Sustainable Glamping: Merging Luxury and Environmental Responsibility for future-proof hospitality business
Running a multifaceted high-end hospitality business is a challenging act of balancing profitability and sustainability. I know this first-hand having renovated a historic watermill in Andalusia, Spain which housed The Centre for Natural Design and Innovation. It was a mixed-use development with glamping accommodation.
Glamping is light, tented and timber structures that can be entirely sustainable. However, glamping business is more than lavish tents; it is the overall design whose impact counts. Glamping sites feature platforms to mount eco structures on and various outbuildings that house amenities. In dryer climates, with little or no sustainable forestry and expensive imported timber, owners look for more cost-effective solutions. Availability of biomaterials means that 'eco' glamping sites can and should use the most ecological, carbon neutral alternatives to build with instead of concrete.
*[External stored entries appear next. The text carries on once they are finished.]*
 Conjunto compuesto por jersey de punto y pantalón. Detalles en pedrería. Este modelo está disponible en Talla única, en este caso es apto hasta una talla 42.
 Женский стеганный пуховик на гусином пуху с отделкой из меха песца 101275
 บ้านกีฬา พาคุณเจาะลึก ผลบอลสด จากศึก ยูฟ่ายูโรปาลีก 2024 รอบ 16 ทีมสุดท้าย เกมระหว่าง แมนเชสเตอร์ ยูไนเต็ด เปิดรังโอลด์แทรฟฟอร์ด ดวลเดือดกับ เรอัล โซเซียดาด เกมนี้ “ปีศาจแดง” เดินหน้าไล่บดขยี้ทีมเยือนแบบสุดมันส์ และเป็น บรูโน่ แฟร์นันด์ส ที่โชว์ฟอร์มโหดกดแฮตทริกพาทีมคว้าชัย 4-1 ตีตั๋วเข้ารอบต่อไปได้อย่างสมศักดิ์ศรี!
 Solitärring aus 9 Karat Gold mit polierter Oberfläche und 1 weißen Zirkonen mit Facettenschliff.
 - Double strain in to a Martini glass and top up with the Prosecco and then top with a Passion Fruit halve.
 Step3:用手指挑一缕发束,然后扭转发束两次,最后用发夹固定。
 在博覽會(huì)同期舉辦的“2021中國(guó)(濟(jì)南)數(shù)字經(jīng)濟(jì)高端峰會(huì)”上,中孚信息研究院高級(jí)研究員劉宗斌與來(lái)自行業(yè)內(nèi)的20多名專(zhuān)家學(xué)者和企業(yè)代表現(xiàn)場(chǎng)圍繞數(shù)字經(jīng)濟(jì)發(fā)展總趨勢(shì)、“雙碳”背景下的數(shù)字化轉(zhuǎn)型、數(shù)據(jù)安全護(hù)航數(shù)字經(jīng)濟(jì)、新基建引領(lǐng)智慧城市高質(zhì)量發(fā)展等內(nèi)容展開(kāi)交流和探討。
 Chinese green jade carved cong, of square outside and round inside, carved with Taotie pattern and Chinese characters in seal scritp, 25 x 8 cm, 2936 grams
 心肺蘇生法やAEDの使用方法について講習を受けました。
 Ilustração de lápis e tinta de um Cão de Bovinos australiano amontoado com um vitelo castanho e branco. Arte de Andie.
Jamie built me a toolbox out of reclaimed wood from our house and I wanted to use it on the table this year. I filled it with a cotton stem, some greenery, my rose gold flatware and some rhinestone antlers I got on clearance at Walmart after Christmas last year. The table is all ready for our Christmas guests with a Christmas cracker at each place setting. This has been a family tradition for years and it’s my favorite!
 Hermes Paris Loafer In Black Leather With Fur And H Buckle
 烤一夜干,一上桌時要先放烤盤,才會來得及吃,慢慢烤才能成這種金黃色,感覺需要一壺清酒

Hempcrete vs concrete -which to choose?
Though cement is an easy pick as most people can master its use, fast, it is environmentally disastrous. The production of every ton of cement emits 900 kg of CO2, Cannabis sativa on the other hand is a plant whose growing and processing requires fewer energy inputs. To make hempcrete, a builder adds hydraulic lime to the hemp-sand mix following exact calculations. Hence, this practice is more involving, though with the guidance of a hemp-trained design team anyone can get the technique right.
We faced the same ethical and financial choice: do we go with environmentally costly yet 'cheap' concrete, or do we create a better, benign luxury with the material that doesn't cost the Earth?! We chose hempcrete! Hemp composite either built or restored all our structures, including a large dip pool and driveway.